Exercise input

···

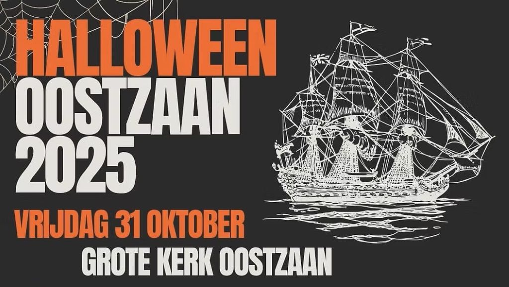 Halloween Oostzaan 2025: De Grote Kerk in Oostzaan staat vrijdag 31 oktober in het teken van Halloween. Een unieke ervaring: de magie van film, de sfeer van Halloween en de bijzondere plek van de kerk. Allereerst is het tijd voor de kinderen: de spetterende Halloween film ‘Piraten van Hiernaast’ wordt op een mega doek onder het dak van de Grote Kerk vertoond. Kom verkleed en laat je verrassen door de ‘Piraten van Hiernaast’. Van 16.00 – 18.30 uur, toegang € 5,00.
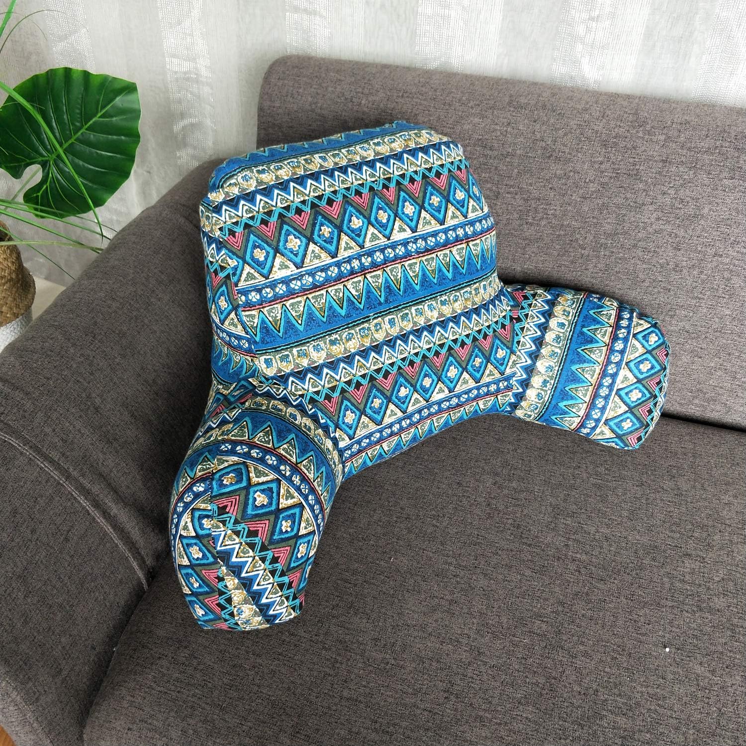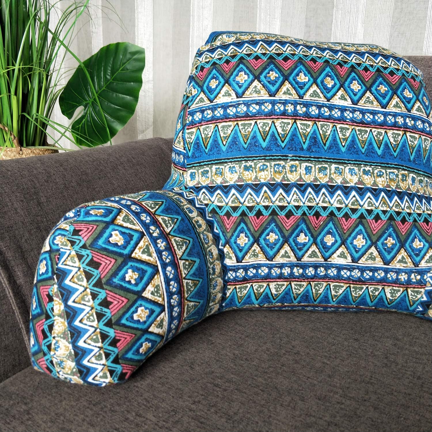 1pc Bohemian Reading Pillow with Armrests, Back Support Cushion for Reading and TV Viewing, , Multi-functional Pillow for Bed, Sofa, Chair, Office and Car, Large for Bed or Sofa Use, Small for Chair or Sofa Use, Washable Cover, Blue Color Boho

···

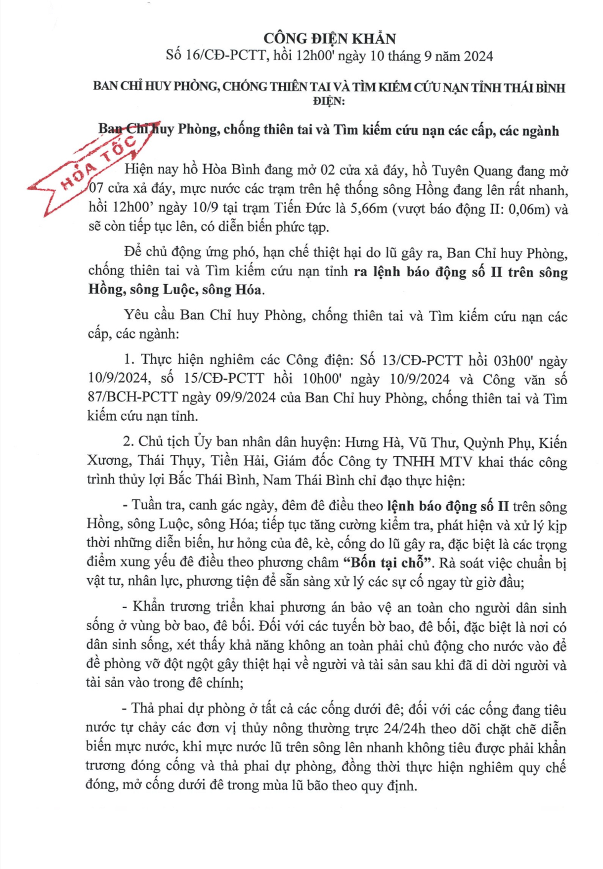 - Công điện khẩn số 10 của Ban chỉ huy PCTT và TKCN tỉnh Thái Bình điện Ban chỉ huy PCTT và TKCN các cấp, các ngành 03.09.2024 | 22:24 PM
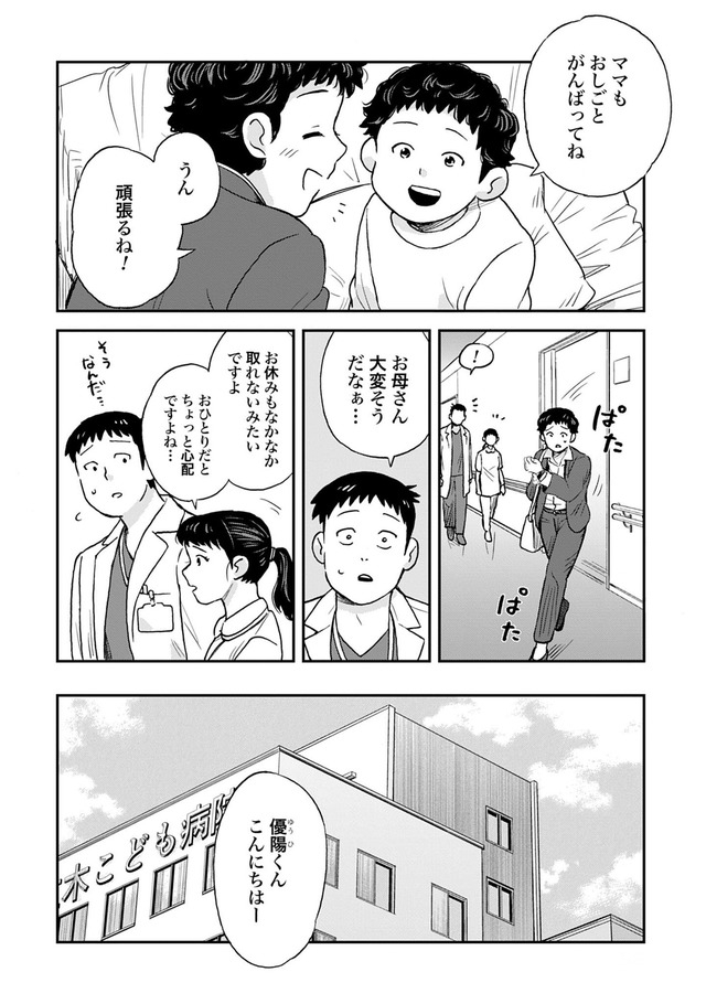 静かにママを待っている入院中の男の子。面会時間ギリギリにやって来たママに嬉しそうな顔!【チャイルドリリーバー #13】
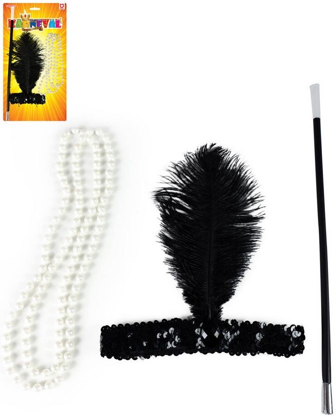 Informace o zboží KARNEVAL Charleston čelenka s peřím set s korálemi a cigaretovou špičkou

···

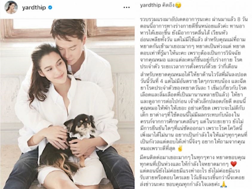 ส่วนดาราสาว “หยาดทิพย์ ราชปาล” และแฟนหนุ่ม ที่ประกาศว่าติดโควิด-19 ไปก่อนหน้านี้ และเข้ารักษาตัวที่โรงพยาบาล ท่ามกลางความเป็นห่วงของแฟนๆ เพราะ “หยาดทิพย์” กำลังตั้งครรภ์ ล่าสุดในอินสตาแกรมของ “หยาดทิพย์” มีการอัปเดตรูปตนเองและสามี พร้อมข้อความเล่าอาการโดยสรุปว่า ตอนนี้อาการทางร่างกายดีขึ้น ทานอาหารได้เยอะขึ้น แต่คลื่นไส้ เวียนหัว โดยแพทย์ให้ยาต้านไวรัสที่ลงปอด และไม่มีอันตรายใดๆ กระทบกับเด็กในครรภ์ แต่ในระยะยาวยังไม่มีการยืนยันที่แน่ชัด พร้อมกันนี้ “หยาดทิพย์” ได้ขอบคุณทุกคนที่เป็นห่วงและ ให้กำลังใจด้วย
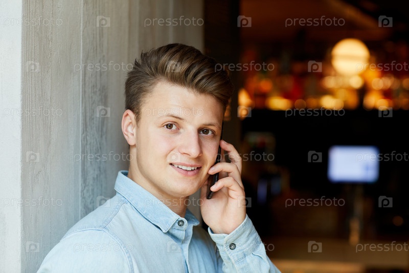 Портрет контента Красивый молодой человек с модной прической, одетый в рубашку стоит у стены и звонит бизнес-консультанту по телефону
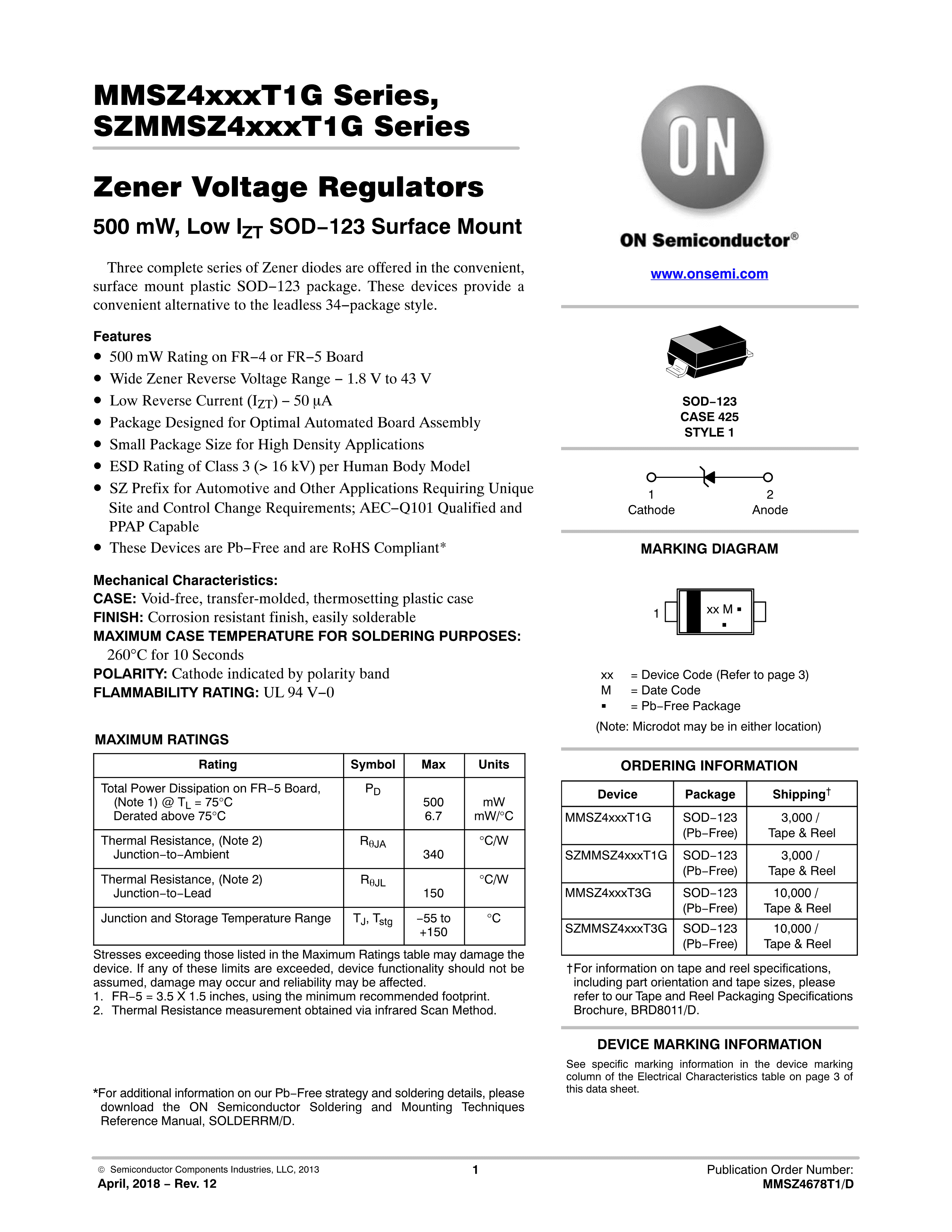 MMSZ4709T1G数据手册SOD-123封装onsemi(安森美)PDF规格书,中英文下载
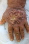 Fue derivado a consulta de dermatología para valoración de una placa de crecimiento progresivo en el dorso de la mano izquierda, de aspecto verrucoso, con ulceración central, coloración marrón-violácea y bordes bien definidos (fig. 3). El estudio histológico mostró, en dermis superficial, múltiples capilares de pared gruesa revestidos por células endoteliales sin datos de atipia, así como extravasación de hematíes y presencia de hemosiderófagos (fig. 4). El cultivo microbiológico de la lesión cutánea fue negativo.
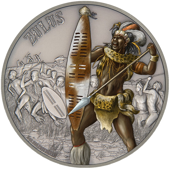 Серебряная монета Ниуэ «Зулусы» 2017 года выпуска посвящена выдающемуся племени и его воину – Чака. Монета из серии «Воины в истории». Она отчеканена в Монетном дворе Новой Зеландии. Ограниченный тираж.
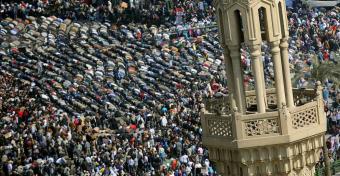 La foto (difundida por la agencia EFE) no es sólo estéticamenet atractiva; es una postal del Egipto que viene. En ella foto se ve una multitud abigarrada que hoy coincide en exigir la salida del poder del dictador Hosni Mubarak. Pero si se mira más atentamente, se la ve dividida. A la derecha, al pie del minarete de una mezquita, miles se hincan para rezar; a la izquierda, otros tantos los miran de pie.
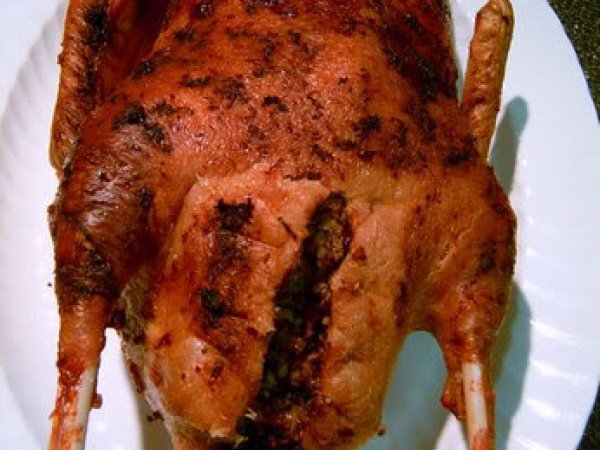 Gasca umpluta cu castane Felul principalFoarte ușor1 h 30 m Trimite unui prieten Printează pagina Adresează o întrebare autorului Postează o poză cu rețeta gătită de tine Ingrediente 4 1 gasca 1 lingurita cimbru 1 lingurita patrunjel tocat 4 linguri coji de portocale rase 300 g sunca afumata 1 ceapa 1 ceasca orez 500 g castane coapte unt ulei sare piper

···

Task goal
Given the entries above, transcribe exactly the lines from the one holding "Halloween Oostzaan 2025: De" through the one holding "1pc Bohemian Reading"; pictures do not belong in the transcription.

Task response
 Halloween Oostzaan 2025: De Grote Kerk in Oostzaan staat vrijdag 31 oktober in het teken van Halloween. Een unieke ervaring: de magie van film, de sfeer van Halloween en de bijzondere plek van de kerk. Allereerst is het tijd voor de kinderen: de spetterende Halloween film ‘Piraten van Hiernaast’ wordt op een mega doek onder het dak van de Grote Kerk vertoond. Kom verkleed en laat je verrassen door de ‘Piraten van Hiernaast’. Van 16.00 – 18.30 uur, toegang € 5,00.
 1pc Bohemian Reading Pillow with Armrests, Back Support Cushion for Reading and TV Viewing, , Multi-functional Pillow for Bed, Sofa, Chair, Office and Car, Large for Bed or Sofa Use, Small for Chair or Sofa Use, Washable Cover, Blue Color Boho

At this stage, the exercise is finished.